Ich stieg über ihn hinweg, ganz der faire Spieler, der ich bin, und sah zu, daß ich sein Delirium nicht behelligte. Fast, daß ich es streichelte. Das hab ich nun davon ... immer noch keinen Erkenntnisaufschluß ... und immer noch keine Angst. Meine Rhagaden schmerzen unverschämt. Das ist schön von ihnen, ein Teil von mir wenigstens tut, was er soll ...

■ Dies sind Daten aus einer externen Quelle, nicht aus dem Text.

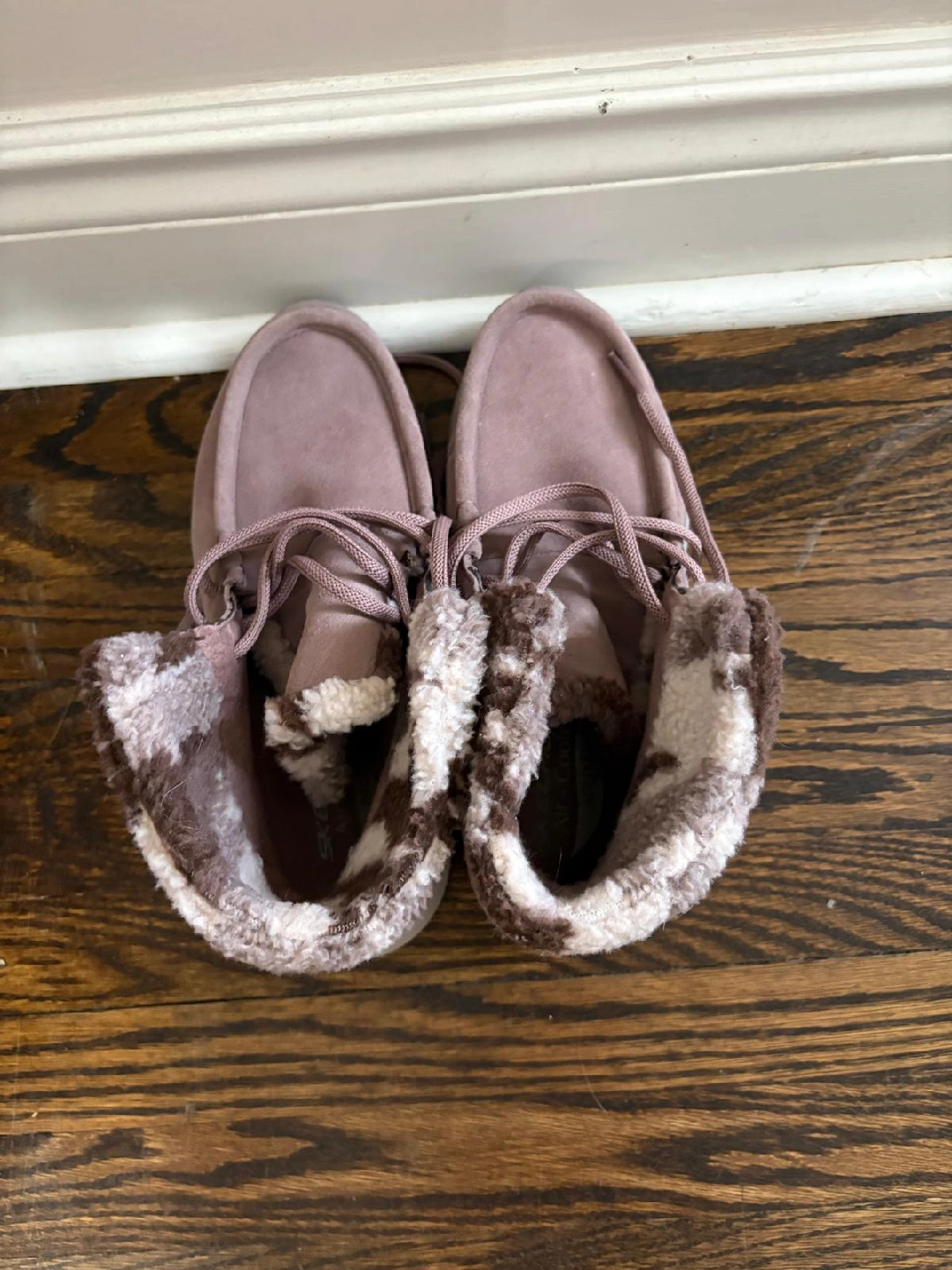 Selling a pair of Skechers Arch Fit slipper shoes in size 6.5. They feature a leather and textile faux fur upper and lining. The shoes are in great condition and ready for a new home! Pick up Mississauga Area or Brampton Area

     die Nadel sticht, das Scharnier rastet

     Sonne zuckelt, ein strahlender Muskel, ein herrenloser Traktor auf ödem Feld. Gedunsene Harfen hängen fleddrig im Azur, Vögel ziehen als Karbidenden der Schenkel unbekannter Zirkel Mikrometer über unbekannten Oberflächen dahin — geschweige denn, daß er von der Zerstreuung kurzwelligen, mehligen Blaus Kenntnis hätte : der hartgesottenste Phantasmagor könnte sich nichts in den verpumpten Wasserdämpfen denken, wüßte nichts zu sagen zum Flug der Tiere. Angenehm
     Keine Nebensonnen
     Es ist, was es ist, und nichts, was ich denk
     Eine Faust in hinhörender Niere — ist das wahr ? : ich nähere mich Zuständen, die an die Gewißheit erinnern, mit der ich als Kind mich schlafen legte und unbedingt für den nächsten Morgen die Erfüllung eines lächerlichen Wunsches erwartete : und ende unwillkürlich bei Slogans, die Esel Fried populär gemacht hat ? Es ist, was es ist ! noch ein Bedenken gegen die Schöpfung. Genauer : gegen den ersten assertorisch urteilenden Satz, den Gott sprach. Wars nicht sein erst zweiter überhaupt ?
     Götterlallen, bin ich halt nachsichtig. Nämlich ich,
     Ich stehe mit Thaumatrop und Cyanometer bewehrt auf dem Dachgarten.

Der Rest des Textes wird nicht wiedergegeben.